The implementations that we consider in this section are based upon the interface of Program 17.1, so they function properly, in theory, for any graph representation. In practice, however, some combinations of interface and representation can have unacceptably poor performance, as we shall see. As usual, we are interested in having "random problem instances," both to exercise our programs with arbitrary inputs and to get an idea of how the programs might perform in real apps. For graphs, the latter goal is more elusive than for other domains that we have considered, although it is still a worthwhile objective.

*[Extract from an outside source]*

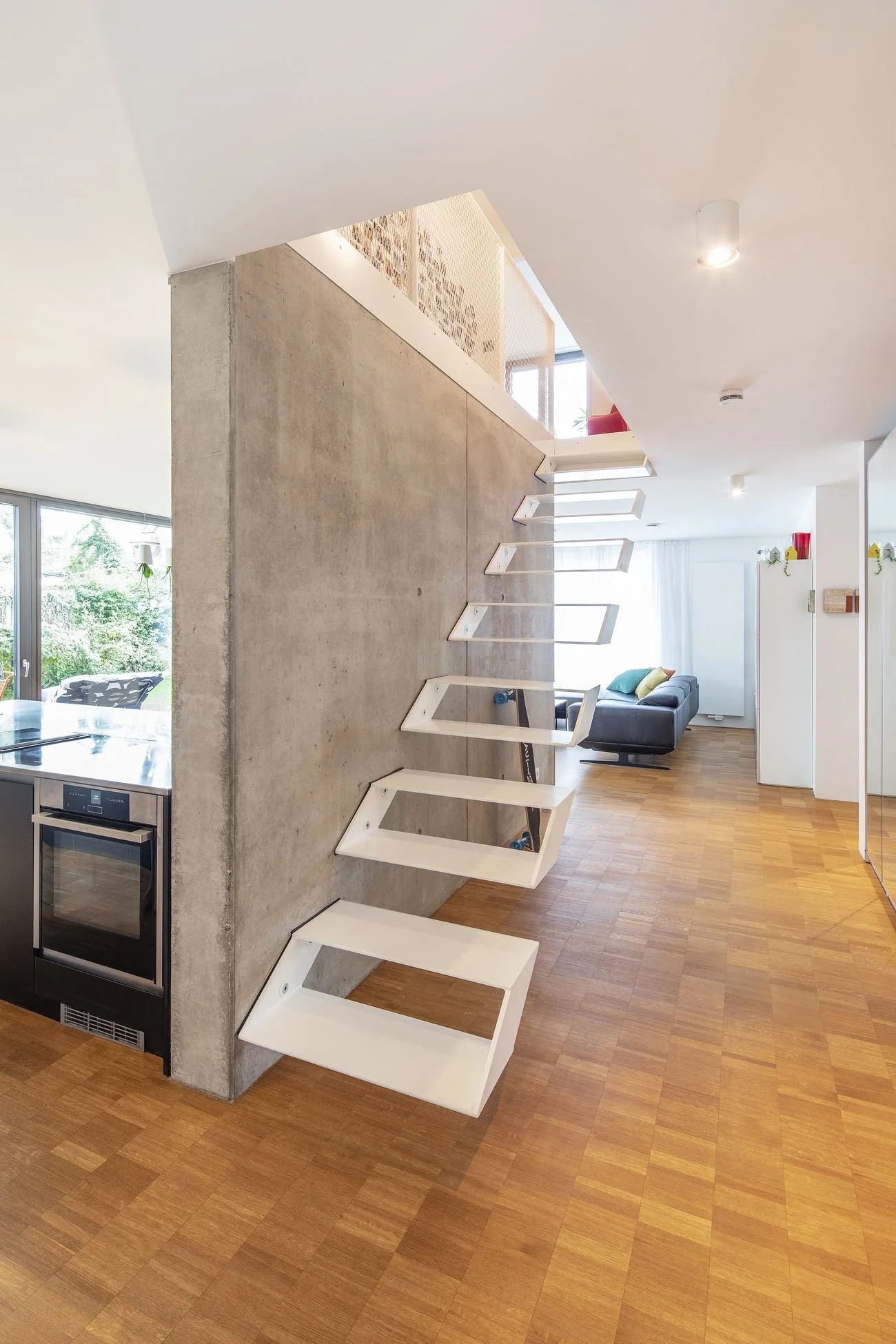 Das energetische Sanierungs- und Modernisierungskonzept wurden miteinander kombiniert und dabei Synergien herausgearbeitet. Die Kubatur des Gebäudes wurde vereinfacht, indem die Flächen der alten Loggien den vorhanden kleinen Bädern zugschlagen wurden. Die Dämmung der Gebäudehülle wurde hierdurch maßgeblich vereinfacht, gleichzeitig entstanden großzügige Bäder. Für zusätzliche Nutzfläche und eine Aufwertung der Grundrisse sorgen die großzügigen, freistehenden Balkonanlagen. Im Bereich der Treppenhäuser wurden sämtliche Wohnungseingangstüren ersetzt und die, zuvor beengte Eingangssituation im Bereich der Hauseingänge durch die Erweiterung um einen Windfang entzerrt. Die komplette Elektro-, Sanitär-, und Heizungsinstallation wurde erneuert und die Gebäude an das Fernwärmenetz angeschlossen.

We shall encounter various different models of randomness, starting with one for sparse graphs and another for dense graphs (see Screenshot). Screenshot Two random graphsBoth of these random graphs have 50 vertices. The sparse graph at the top has 50 edges, while the dense graph at the bottom has 500 edges. The sparse graph is not connected, with each vertex connected only to a few others; the dense graph is certainly connected, with each vertex connected to 20 others, on the average. These diagrams also indicate the difficulty of developing algorithms that can draw arbitrary graphs (the vertices here are placed in random position). Random edges This model is simple to implement, as indicated by the generator given in Program 17.12. For a given number of vertices V, we generate random edges by generating pairs of numbers between 0 and V – 1. The result is likely to be a random multigraph with selfloops. A given pair could have two identical numbers (hence, selfloops could occur); and any pair could be repeated multiple times (hence, parallel edges could occur). Program 17.12 generates edges until the graph is known to have E edges, leaving to the implementation the decision of whether to eliminate parallel edges. If parallel edges are eliminated, the number of edges generated is substantially higher than then number of edges used (E) for dense graphs (see Exercise 17.62); so this method is normally used for sparse graphs.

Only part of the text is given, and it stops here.